There are extensions of the real numbers in which these symbols become legitimate numbers, although even in those systems there are some restrictions on the operations that can be performed using $\infty$ and $-\infty$.
For example, the extended real numbers, often denoted $[-\infty, \infty]$ includes all of $\mathbb R$ along with $\infty$ and $-\infty$, with the expected order ($-\infty < x < \infty$ for any real number $x$), and some operations involving infinity are allowed, such as $\infty + x = \infty$ for any real number $x$. However, expressions such as $\infty - \infty$ are still undefined. Similarly, $1/0$ is undefined in this system, largely because $\lim_{x \to 0}1/x$ doesn't exist: the one-sided limit from the left is $-\infty$ and the one-sided limit from the right is $\infty$, just as in the real numbers.

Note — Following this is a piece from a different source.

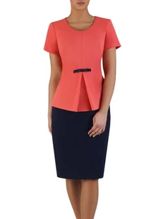 Wybierz elegancki zestaw, który połączy klasykę z nowoczesnym akcentem! Ten dwukolorowy komplet o granatowym dole i malinowej górze to doskonała propozycja na formalne okazje, spotkania biznesowe czy eleganckie wyjścia. Prosty fason podkreśli Twoją sylwetkę, a ozdobna kokarda oraz delikatne przeszycia dodają kobiecego uroku. Bluzka wyposażona jest w kontrafałdę z przodu, co wprowadza subtelną, lecz oryginalną dynamikę do stylizacji. Krótki rękaw sprawia, że jest to idealna propozycja na cieplejsze dni, a gładki tył z krytym suwakiem zapewnia komfort noszenia. Granatowa spódnica ołówkowa został

Another system is the extended nonnegative real numbers, often denoted $[0,\infty]$. This is very useful in measure theory, for example, where we are measuring the sizes of sets and want to include $\infty$ as an allowable size. In this system, $1/0$ is often defined to be $\infty$, because there's no ambiguity about $\lim_{x \to 0}1/x$: we can only approach from the right since only nonnegative values are available.
As a side note, the notion of convergence in $[-\infty,\infty]$ and $[0,\infty]$ is also extended to include $\infty$ as a valid limit. For example, the sequence $a_n = n$ converges to $\infty$ in both cases, yielding another example of a convergent unbounded sequence. Similarly, in $[-\infty, \infty]$, the sequence $a_n = -n$ converges to $-\infty$.
Returning to your example: in either $[0,\infty]$ or $[-\infty, \infty]$, there's no problem explicitly defining the sequence $(a_n)_{n=1}^{\infty} = -1/2, -1, \infty, 1, 1/2, 1/3, 1/4, \ldots$ and showing that it converges to $0$. And it's clearly unbounded since one of the terms is $\infty$. The only issue with your example is your use of a formula to generate the $\infty$ at $a_3$, because division by zero may or may not make sense depending on what number system you're using.